V. Comments on Draft Decision

The draft decision of the ALJ in this matter was mailed to the parties in accordance with Pub. Util. Code § 311(g)(1) and Rule 77.7 of the Rules of Practice and Procedure. Comments were filed on ____________________, and reply comments were filed on ________________.

Findings of Fact

1. PG&E is an electric utility subject to the jurisdiction of the Commission.

2. PG&E has agreed to sell the Property to Ministries.

3. The Release and Indemnity Agreement accompanying PG&E's application does not expressly indemnify PG&E for its own active and passive negligence, the maximum protection from environmental liability allowed by law.

Conclusions of Law

1. Transfer of the Property is subject to Public Utilities Code Section 851.

2. Pursuant to Section 15061(b)(3) of the CEQA Guidelines, our approval of this application is exempt from CEQA review for the reasons set forth in the body of this decision.

3. Transfer of the Property is approved provided that at close of escrow Ministries executes a Release and Indemnity Agreement that protects PG&E from environmental liabilities to the fullest extent allowed by law. PG&E shall make an advice letter filing no later than 90 days after the effective date of this decision attaching the revised Release and Indemnity Agreement. If the indemnity provision does not indemnify PG&E for liability arising from PG&E's own active or passive negligence, the approval granted in this decision shall have no force or effect.

4. If PG&E requires easements or other rights of access to the substation surrounded by and the power lines crossing the Property, the cost of those easements or other rights of access should be borne by PG&E's shareholders, and not by ratepayers.

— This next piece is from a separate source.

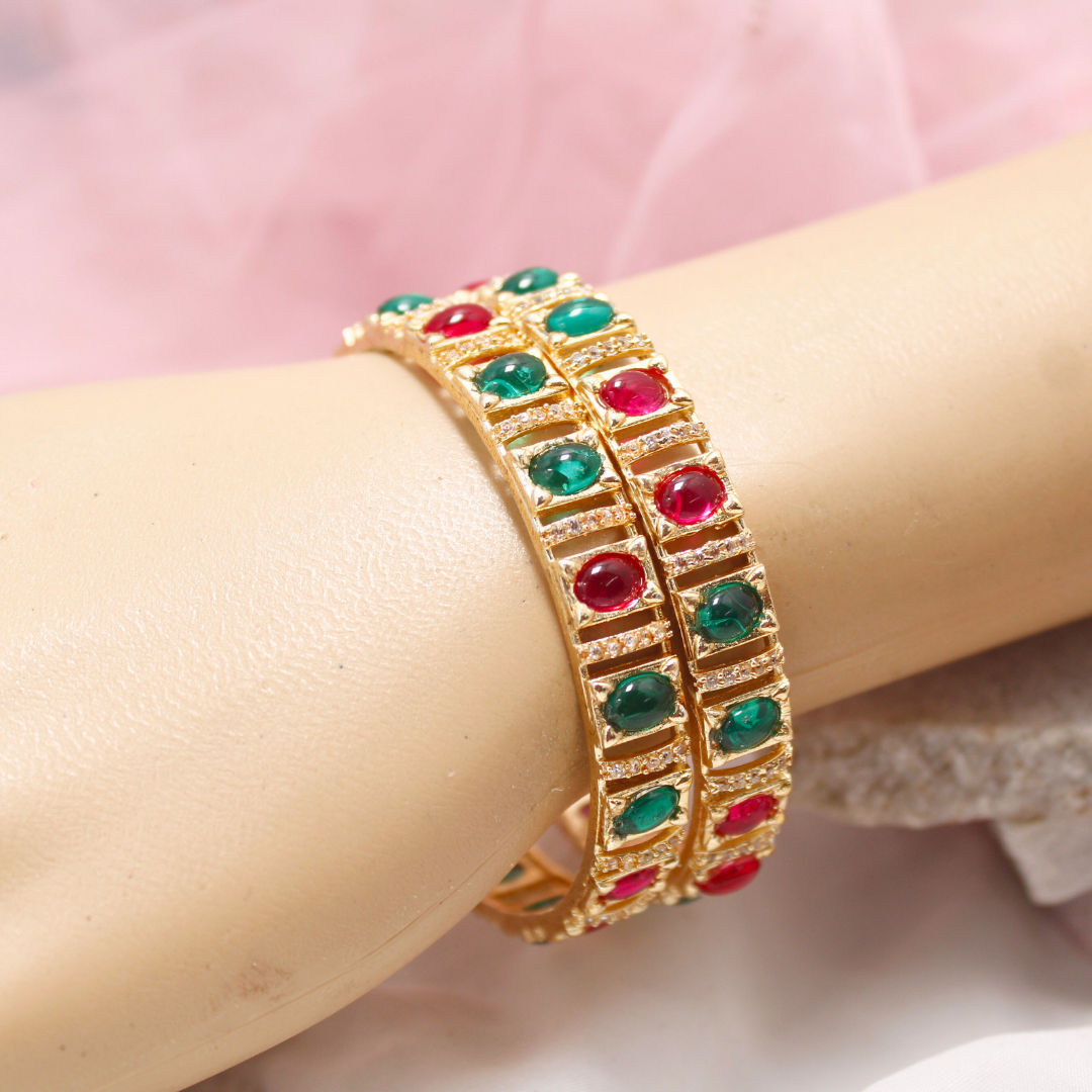 green and ruby stone bangles, dual-tone AD bangles, gold plated festive bangles, bridal bangles Navraee, ruby green zircon bangles

5. Following transfer of the Property, PG&E should credit the after-tax proceeds of the sale of approximately $88,600 to the CTC Revenue Section of the TCBA.

ORDER

IT IS ORDERED that:

1. Pacific Gas and Electric Company (PG&E) may transfer to Northern District Pentecostal Ministries the Property described in the application, subject to the terms and conditions described herein, provided the closing date of the sale is extended to a date on or beyond the effective date of this decision.

2. PG&E shall make an advice letter filing no later than 90 days after the effective date of this decision attaching the revised Release and Indemnity Agreement. If the indemnity provision does not indemnify PG&E for liability arising from PG&E's own active or passive negligence, the approval granted in this decision shall have no force or effect.

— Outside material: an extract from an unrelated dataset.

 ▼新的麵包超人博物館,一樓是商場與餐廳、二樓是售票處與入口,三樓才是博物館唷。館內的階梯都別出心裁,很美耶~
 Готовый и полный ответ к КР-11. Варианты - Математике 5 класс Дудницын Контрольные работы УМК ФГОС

3. If PG&E requires easements or other rights of access to the substation surrounded by and the power lines crossing the Property, the cost of those easements or other rights of access shall be borne by PG&E's shareholders, and not by ratepayers.

4. Following transfer of the Property, PG&E shall credit the after-tax sale proceeds of approximately $88,600 to the Competition Transition Charge Revenue Account.

5. The authority granted hereby expires if not exercised within one year of the date of this order.

6. The issues presented in Application (A.) 99-11-019 are resolved.

7. A.99-11-019 is closed.

This order is effective today.

Dated , at San Francisco, California.